The Trader Joe’s in Laguna Hills, on Avenida Carlota near the moribund Laguna Hills Mall, has always had a parking lot that wasn’t quite as bad as other stores, which is saying something, as you know from the cliché-with-a-molten-center-of-truth about Trader Joe’s parking lots in general.

This location has long been a convenient stop after the Friday farmer’s market at the far end of the aforementioned mall. But there’s news, and it’s big: as of 8 a.m. today, things are even a whole lot better. A new, kind of huge, purpose-built Trader Joe’s has opened across the parking lot, looming—if not lording—over the old, kind of sad strip housing the original store. There’s parking aplenty! Or, seems like it. Once parked, howevah, you still take your life in your hands crossing the two lanes passing in front of the store. Some things continue to never change, I guess.

UNCANNY

For years I’ve made preserves and pickles, originally to get in touch with how my grandmother might have run her kitchen and later just for pleasure, always canning them in a boiling-water bath so they’ll be shelf-stable. (Have not yet made the leap to pressure canning; perhaps someday.) But with my first 2017 strawberry jam, made from a three-pack I bought at my new favorite Chino farm stand and Meyer lemon from our little tree, I merely refrigerated, part of a newly hatched plan to streamline the process of keeping my family in homemade preserves for breakfast toast. You might not imagine that daily breakfast toast, which accompanies daily breakfast omelets, could account for all that much preserve use—but every-day-ness adds up. With a few discards, the three-pack nicely filled two 500-milliliter French jelly jars—which I’ve always considered the Platonic Ideal of jelly jars. Even though I’ve owned them for 30-plus years, my jars and their orange lids have never actually been used for jelly. Jam’ll have to be close enough. (This is 2017’s second batch.)

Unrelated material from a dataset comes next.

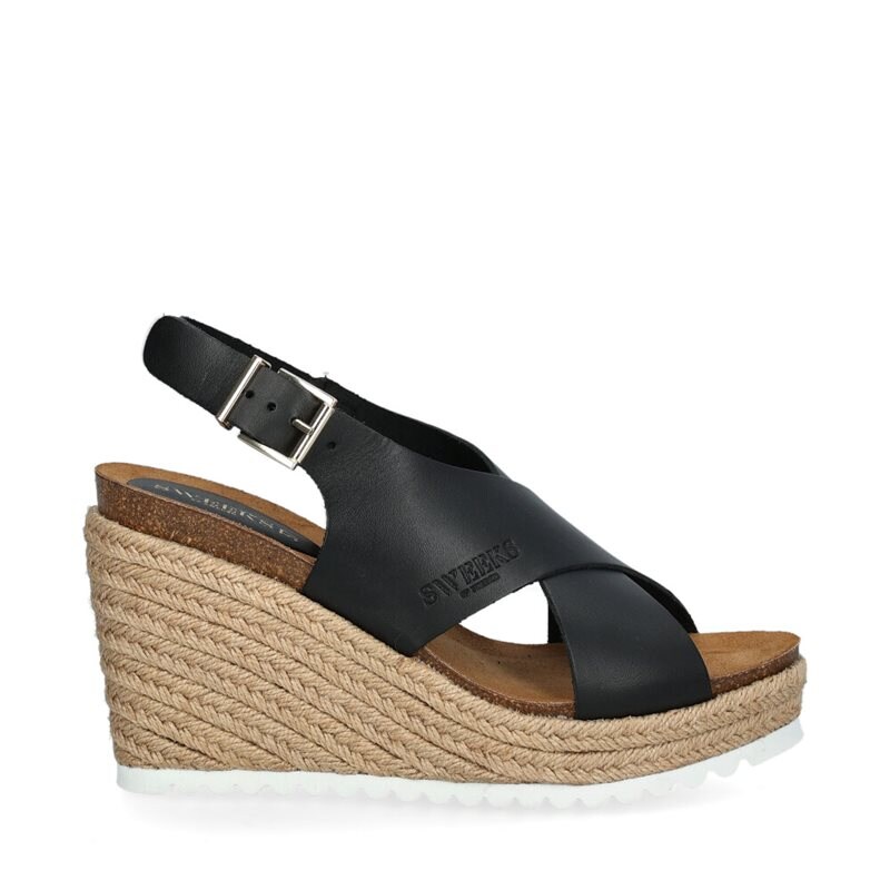Olivia, sandaletter från Sweeks. Ovandel med korslagda remmar i svart skinn. Vristremmen regleras med ett guldfärgat spänne, skorna har en skön innersula i mocka och kork. Kilklacken är klädd i flätad jute, vit räfflad sula undertill skapar ett trendigt och fräscht uttryck. Sweeks är märket som andas sommar, modellerna är designade för att passa både till vardag och fest. De har en avslappnad look som passar till kjol, shorts och byxor.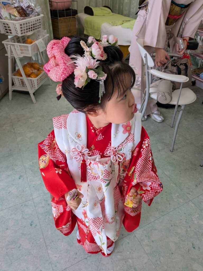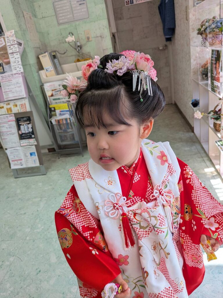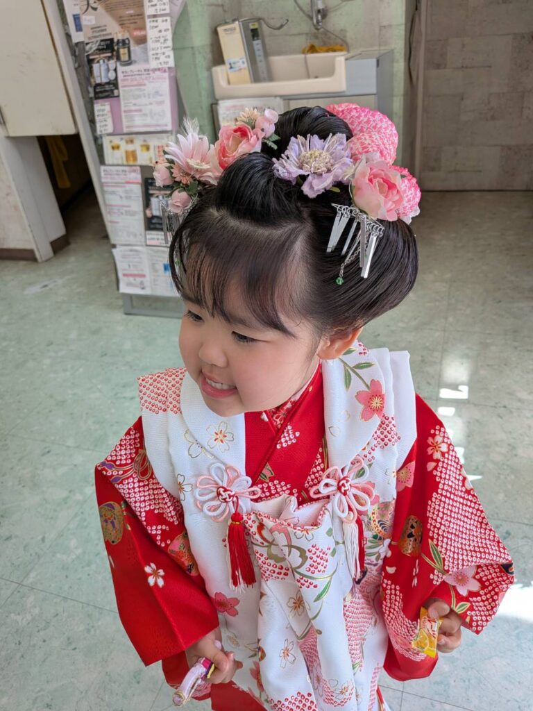 昨年の秋、3歳のお祝いで、日本髪を結わせて頂きました、あまりの可愛さに桜咲く春にもう一度のチャレンジです✨可愛すぎて、ご同伴のお祖母様も大喜びでした😊

Farmers Marketing—Laguna Hills Friday

It’s long been my favorite of our many good Orange County farmers markets, something that remained true today when I stopped in: the Friday Laguna Hills market, at Laguna Hills Mall. It was the first day of a new, construction-accommodating configuration near JCP, nicely visible from Carlota and the 5, that displays the superb vendor selection and ingress/egress ease to fine effect. I love it because it’s a real cook’s market—which is SO not to say you shouldn’t avail yourself of the fab prepared food. Just be sure to take home a couple big bags of raw ingredients, to fuel a weekend of great cooking.

 

CAULIFLOWERLICIOUS

Cauli is where it’s at, at the moment. These were at Laguna Niguel/Aliso Viejo on a recent Sunday, but you’ll find ‘em at all O.C. farmers markets. I nabbed that big yellow one in the center there. Rinse, slice, onto a baking sheet, generous salt & pepper, drizzle with oil. 400̊ for 15-20 for retaining slight crispness, or longer at 375̊ to utter tenderness and deep caramelization—my favorite result.